Operators#

[Polars Documentation]

All Polars conjunction, comparison, and binary operators in the linked documentation are supported and are considered row-by-row.

Even if you are in an aggregation context like .select or .agg, OpenDP enforces that inputs to binary operators are row-by-row. This is to ensure that the left and right arguments of binary operators have meaningful row alignment.

These operators are particularly useful for building filtering predicates and grouping columns.

[1]:
import polars as pl
import opendp.prelude as dp
dp.enable_features("contrib")
# Fetch and unpack the data.
![ -e ../sample_FR_LFS.csv ] || ( curl 'https://github.com/opendp/dp-test-datasets/blob/main/data/sample_FR_LFS.csv.zip?raw=true' --location --output sample_FR_LFS.csv.zip; unzip sample_FR_LFS.csv.zip -d ../ )
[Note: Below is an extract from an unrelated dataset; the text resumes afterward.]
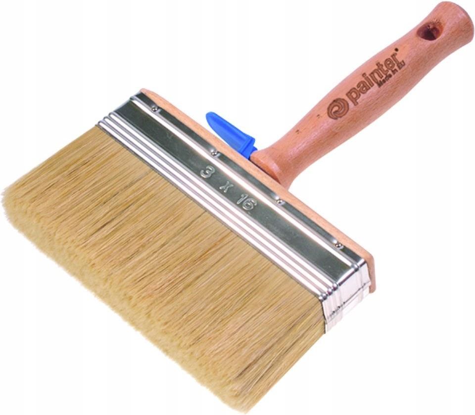 PAINTER Pędzel Malarski TAPETOWY T04 Pro Line 70mm TAP0425 Szeroki pędzel doskonale sprawdza się jako uniwersalne narzędzie malarskie podczas gruntowania i malowania dużych powierzchni. Przeznaczony do wszystkich rodzajów farb i lakierów, klejów do tapet. Trzonek i korpus wykonane z wysokogatunkowego drewna bukowego, lakierowane, posiada zawieszkę na wiaderko. szerokość: 70mm grubość: 30mm rozmiar włókna: 57mm kształt: podłużny materiał uchwytu: drewno
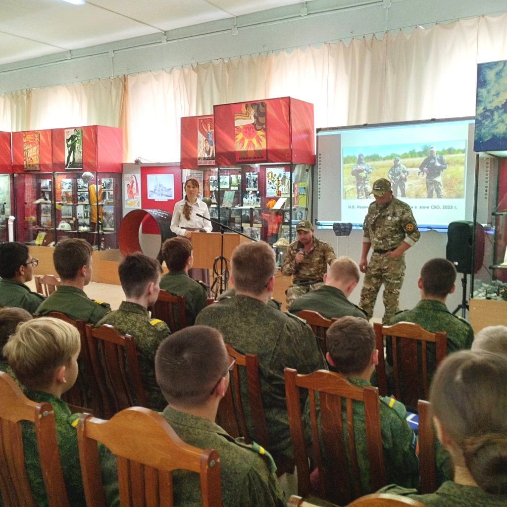 Затем перед подрастающим поколением выступили почетные гости встречи – участники СВО. Они рассказали об однополчанах и об их подвигах, о своем решении пойти защищать Отечество. Юные посетители музея смогли задать военнослужащим интересующие вопросы.

context = dp.Context.compositor(
    # Many columns contain mixtures of strings and numbers and cannot be parsed as floats,
    # so we'll set `ignore_errors` to true to avoid conversion errors.
    data=pl.scan_csv("../sample_FR_LFS.csv", ignore_errors=True),
    privacy_unit=dp.unit_of(contributions=36),
    privacy_loss=dp.loss_of(epsilon=1.0, delta=1e-7),
    split_evenly_over=1,
    margins={(): dp.polars.Margin(max_partition_length=60_000_000 * 36)}
)

query = (
    context.query()
    .filter((pl.col.HWUSUAL > 0) & (pl.col.HWUSUAL != 99))  # using the .gt, .and_ and .ne operators
    .with_columns(OVER_40=pl.col.AGE > 40)
    .group_by("SEX", "OVER_40")
    .agg(dp.len())
)
query.release().collect().sort("SEX", "OVER_40")
[1]:
shape: (4, 3)
SEXOVER_40len
i64boolu32
1false18045
1true22883
2false15838
2true21500